[Extracted data]

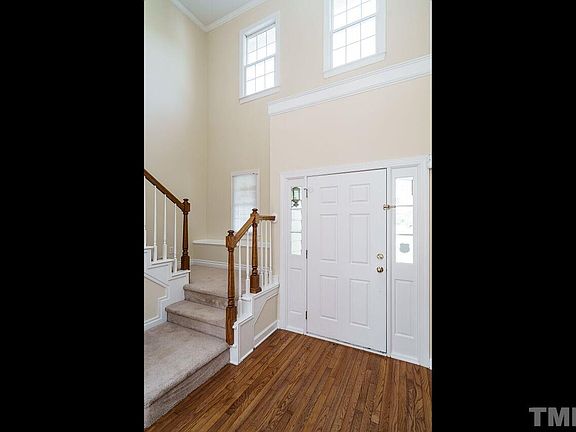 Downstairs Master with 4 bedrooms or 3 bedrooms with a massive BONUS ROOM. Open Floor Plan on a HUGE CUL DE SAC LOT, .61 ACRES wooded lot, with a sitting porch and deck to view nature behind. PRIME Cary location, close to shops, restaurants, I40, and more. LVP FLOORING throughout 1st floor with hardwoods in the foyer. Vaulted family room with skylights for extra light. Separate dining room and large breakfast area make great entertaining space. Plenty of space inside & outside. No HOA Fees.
...
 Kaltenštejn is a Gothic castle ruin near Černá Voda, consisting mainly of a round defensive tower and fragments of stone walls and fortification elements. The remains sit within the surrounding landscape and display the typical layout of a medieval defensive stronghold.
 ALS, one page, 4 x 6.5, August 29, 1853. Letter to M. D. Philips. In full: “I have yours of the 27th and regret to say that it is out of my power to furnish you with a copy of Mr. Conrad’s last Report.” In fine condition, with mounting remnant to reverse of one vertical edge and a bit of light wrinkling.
--
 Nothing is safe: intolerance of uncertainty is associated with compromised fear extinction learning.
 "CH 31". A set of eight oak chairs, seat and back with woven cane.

[Exercise]
Above are the records; copy exactly the lines from the line with "Nothing is safe: intolerance" through the line with "with woven cane.", both included.

[Your response]
 Nothing is safe: intolerance of uncertainty is associated with compromised fear extinction learning.
 "CH 31". A set of eight oak chairs, seat and back with woven cane.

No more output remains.